##### RECORDS FOR THIS EXERCISE
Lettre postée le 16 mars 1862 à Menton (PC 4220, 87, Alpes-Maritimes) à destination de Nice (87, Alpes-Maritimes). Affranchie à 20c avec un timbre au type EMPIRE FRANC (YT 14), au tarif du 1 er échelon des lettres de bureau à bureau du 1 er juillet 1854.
##########
##### RECORDS FOR THIS EXERCISE
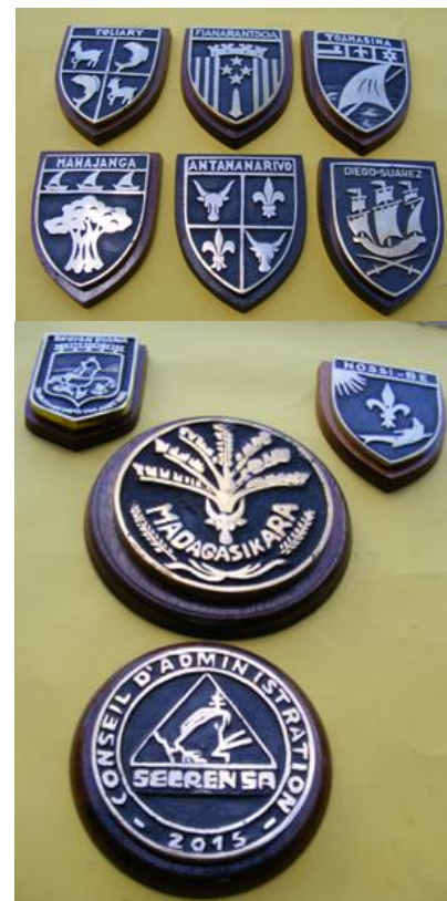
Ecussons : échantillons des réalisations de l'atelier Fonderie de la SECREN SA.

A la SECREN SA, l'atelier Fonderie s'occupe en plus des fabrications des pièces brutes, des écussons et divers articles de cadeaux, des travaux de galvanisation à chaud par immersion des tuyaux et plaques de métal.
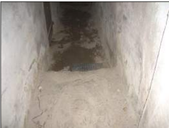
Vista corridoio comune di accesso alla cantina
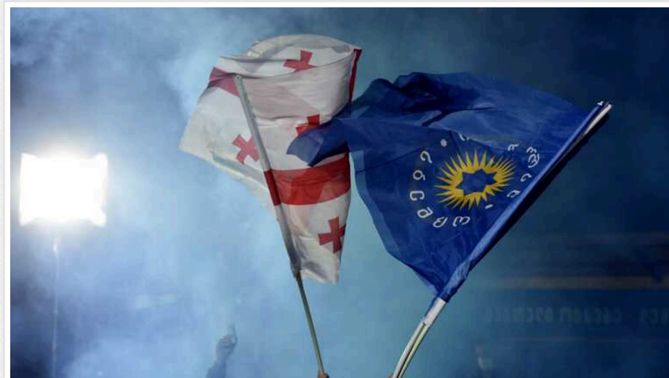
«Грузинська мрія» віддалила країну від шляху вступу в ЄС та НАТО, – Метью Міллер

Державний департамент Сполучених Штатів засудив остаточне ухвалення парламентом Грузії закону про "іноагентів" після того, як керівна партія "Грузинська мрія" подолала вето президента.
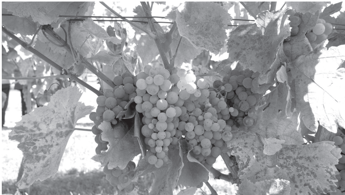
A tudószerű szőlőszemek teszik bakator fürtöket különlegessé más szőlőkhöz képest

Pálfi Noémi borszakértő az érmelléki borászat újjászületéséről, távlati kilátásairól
##########
##### RECORDS FOR THIS EXERCISE
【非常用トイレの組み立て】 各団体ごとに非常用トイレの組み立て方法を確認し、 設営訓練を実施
##########
Could you repeat exactly the lines in the listing above from the one with "A tudószerű szőlőszemek" down to the one with "Pálfi Noémi borszakértő"? Include both of those lines.

A tudószerű szőlőszemek teszik bakator fürtöket különlegessé más szőlőkhöz képest

Pálfi Noémi borszakértő az érmelléki borászat újjászületéséről, távlati kilátásairól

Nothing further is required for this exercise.